A server that crashes and simply disappears — no console error, no log line, the process gone — is the hardest kind to fix because there is nothing to paste into a search box. The trick is to stop guessing and generate real evidence: turn on the engine's debug crash log, then narrow the cause by bisecting your add-ons. This is the process that actually finds it.
1. Capture a backtrace with -debug (Linux)
The Linux dedicated server launcher, hlds_run, has a built-in crash handler. Start it with -debug and, when the game binary crashes, it writes a gdb backtrace to debug.log in the server directory:
./hlds_run -debug -game cstrike +map de_dust2 +maxplayers 20
After a crash, open debug.log. The bottom of the file holds the crash time, the signal (usually SIGSEGV, a segmentation fault), and a stack trace. Even if the symbols are partial, the trace usually names the module at fault — the engine itself, metamod, or an AMXX module — which points you at the right area immediately.
2. Enable core dumps for a deeper look
If debug.log is not enough, allow the OS to write a core file before launching:
ulimit -c unlimited ./hlds_run -debug -game cstrike +map de_dust2
A core file appears after the crash. Load it in gdb against the game binary to read the full stack:
gdb ./hlds_linux core (gdb) bt full
You do not need to be a C++ programmer — you are looking for the first recognisable name in the trace (a module .so, a plugin) to know where to point the bisection.
3. Read the AMXX and Metamod logs
Before bisecting, check the logs that do get written. AMXX logs run-time errors per map under addons/amxmodx/logs/, and Metamod issues show in the main server log. A plugin throwing a Run time error just before the crash is your prime suspect. Confirm what actually loaded:
meta list amxx plugins
Anything marked bad load or a module that failed is a lead. See plugins.ini load order for reading that output.
4. Bisect the plugins
Silent crashes are very often a single misbehaving AMXX plugin or Metamod module. Narrow it by halving:
- Comment out the bottom half of
plugins.ini(prefix lines with;), change map, and see if it still crashes. - If it stops, the culprit was in the disabled half — re-enable half of that, repeat.
- If it still crashes, the fault is in the enabled half (or in Metamod / a module, not a plugin). Move to disabling Metamod modules in
metamod'splugins.ini.
A handful of map changes isolates one line.

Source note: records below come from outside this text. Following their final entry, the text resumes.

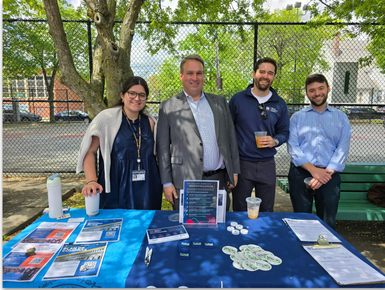
JP Coffee Hour | May 8, 2025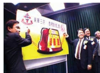
Launch of "Health Budgeting" Family Counselling Programme with the Tung Wah Group of Hospitals (June 2002) 與東華關懷熱線合辦「健康理財」家庭輔導服務 (二零零二年六月)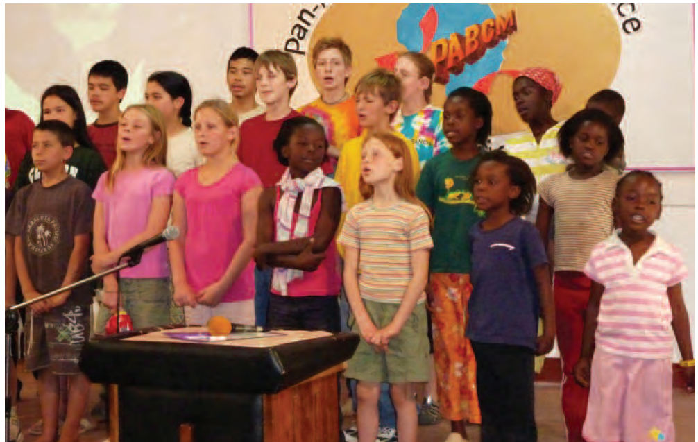
Children singing at PABCM venue.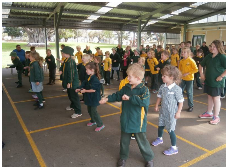
Students have been enjoying Footsteps dance lessons this week.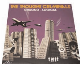
The Thought Criminal Chrono-logical 1st Wave Australian Punk Compilation (2LP sealed) $40 AUD (Mint/Mint)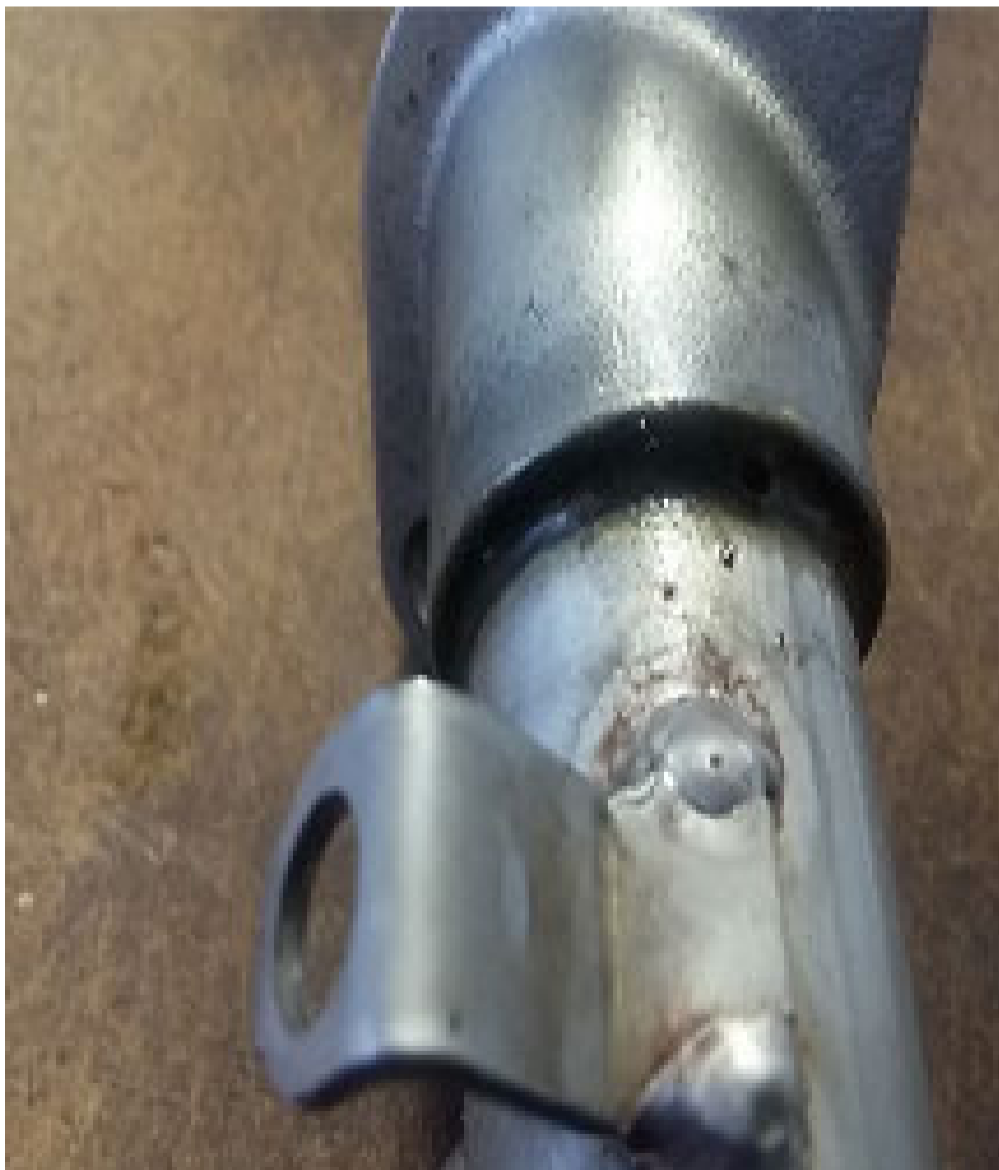
Welded flange leaking on the Exhaust Gas Recirculation (EGR) coolant return pipe. Refer to call out #1 in the above picture.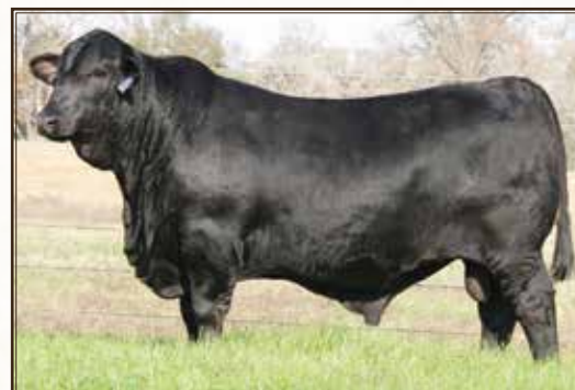
MC Sho Time 313H30 Son of Lot 1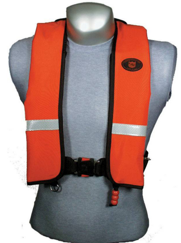
481-O Manual Pro Lite Vest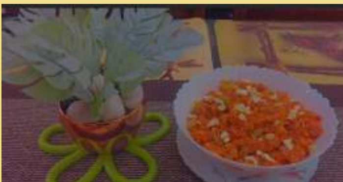
Shambaavi, X-E 3rd Position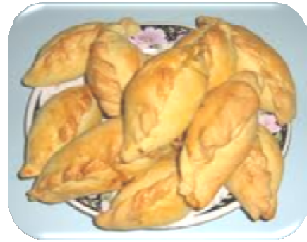
Trakai specialties „Kibinai“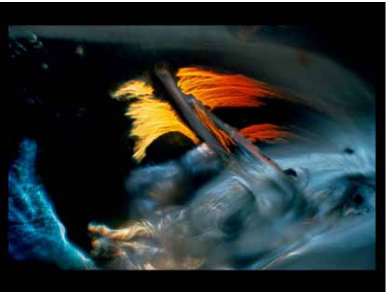
Wynn Bullock Color Light Abstraction 1071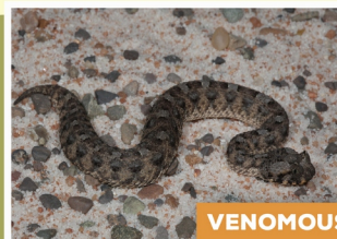
Horned Adder ( Bitis caudalis )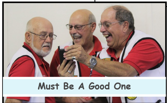
Must Be A Good One

Run that suspect plugin in debug mode to get a precise trace:
myplugin.amxx debug
5. Rule out the obvious triggers
If the crash correlates with an event, the cause is narrower than a random fault:
- Crashes on a specific map — a corrupt or oversized
.bsp, or a plugin that trips on that map's entities. Test the map alone. - Crashes on map change only — a plugin's map-end handler, or a bad mapcycle entry pointing at a missing map.

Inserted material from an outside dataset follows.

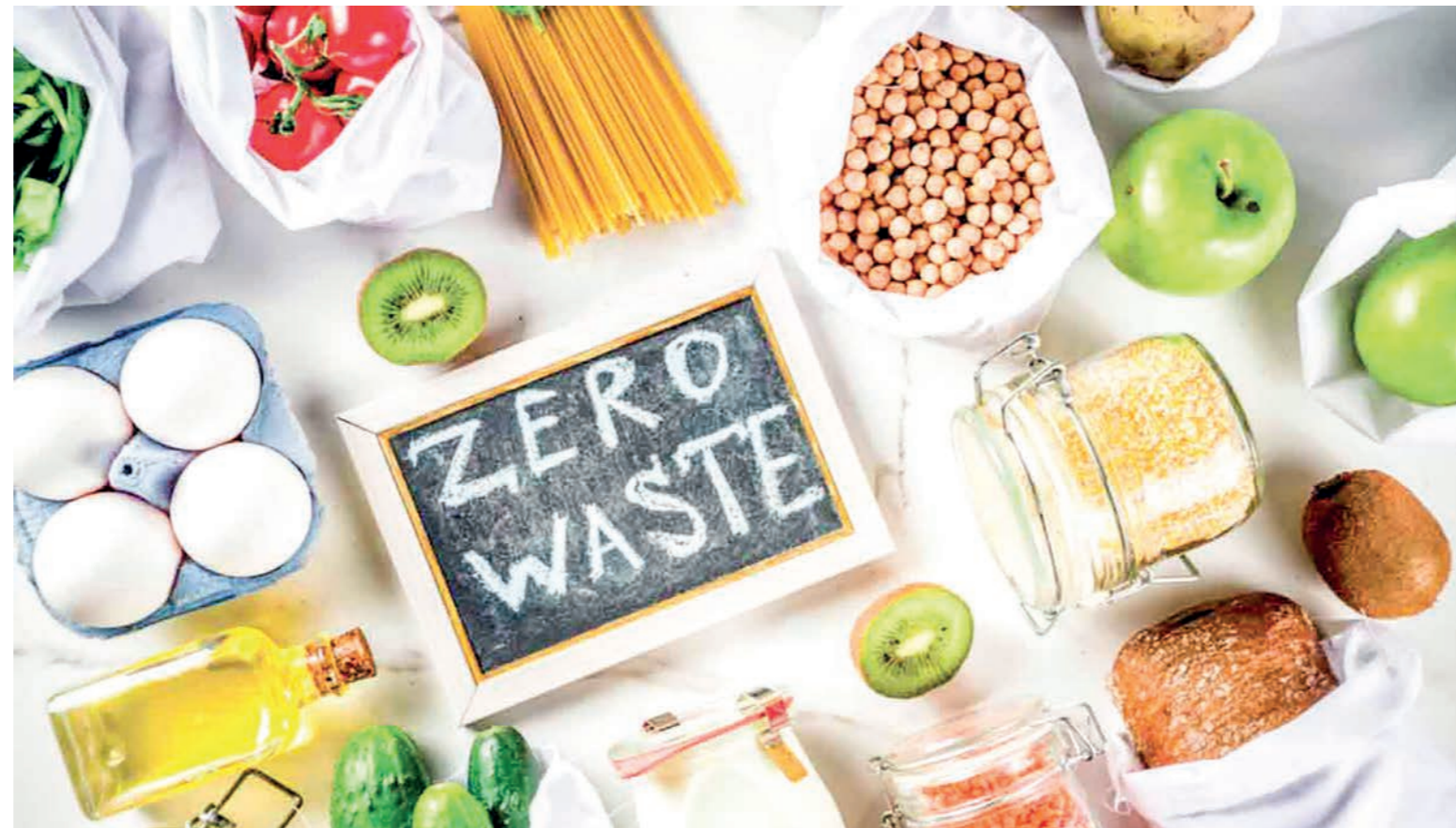
Food loss and waste, which the Food and Agriculture Organization estimates is costing US$1 trillion every year has the potential to create new income streams for local governments and businesses. ILLUSTRATION: UN TODAY

and can be downloaded to a mobile phone from Google Play or Apple's App Store. Once installed, users simply search for outlets within 3-30 kilometres of a selected area and, if available, are

- Crashes under player load — a memory or rate issue; watch it fill up and note the count at which it dies.
- Crashes at a fixed time — a cron-like task or a scheduled plugin action.
Troubleshooting
- No
debug.logappears — you launched the binary directly instead of throughhlds_run -debug. The crash handler lives in the launcher script. - No
corefile —ulimit -cis 0 in that shell, or the working directory is not writable. Setulimit -c unlimitedin the same session that launches the server. - Backtrace is all
??— stripped binaries; you still get the module boundaries, which is enough to bisect. Focus on which.soappears. - Disabling all plugins stops the crash — it is an add-on, not the engine. Bisect back in.

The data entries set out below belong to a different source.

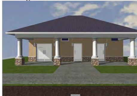
Restroom Front Façade Facility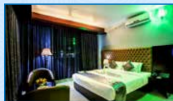
Dinner and night stay at Momo Inn, Bagura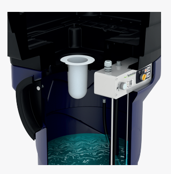
Filter socks 50µm

Electromechanical box can be dismantled without tools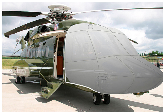
Sikorsky S-92 Windshield/Nose Cover (illustration)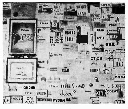
Exceptional Veri' Collection-Raymond C. Messer, South Portland, Maine.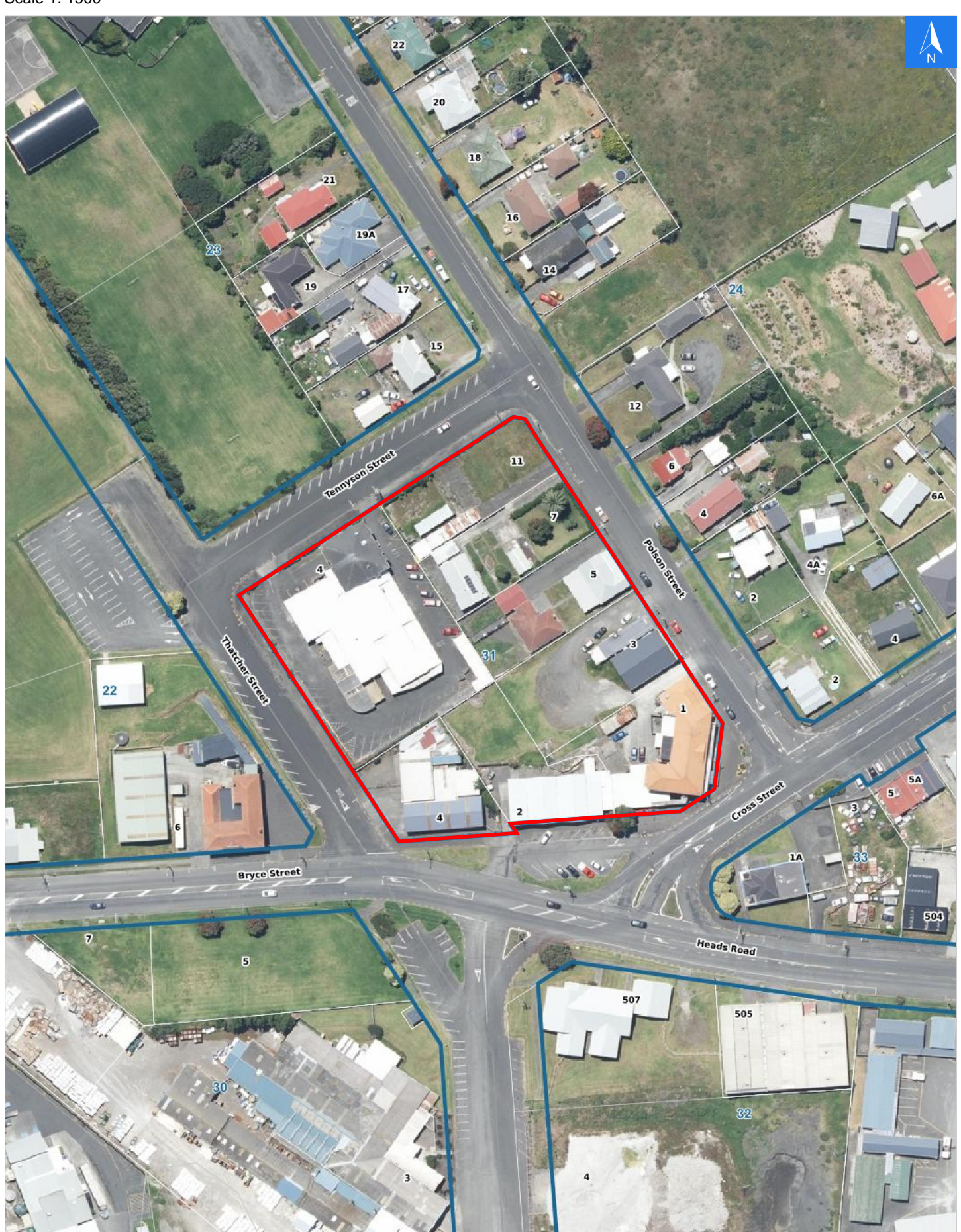
Scale 1: 1500

Digital map data sourced from Land Information New Zealand CROWN COPYRIGHT RESERVED. The information displayed in the GIS has been taken from Whanganui District Council's databases and maps. It is made available in good faith but its accuracy or completeness is not guaranteed. If the information is relied on in support of a resource consent it should be verified independently.

- Crash persists with everything disabled — engine, mod DLL, or OS. Consider moving to ReHLDS, which is more stable and better instrumented than legacy HLDS.
Verification
Once you suspect a specific plugin or module, remove only that one, restart, and run the server through the exact conditions that killed it before — the same map, the same player load, the same map change. If it survives a full cycle that previously crashed it reliably, you have your culprit. Re-enable everything else to confirm the rest is innocent, then either update or replace the offending add-on. Keep -debug on until you have gone a full day without a crash.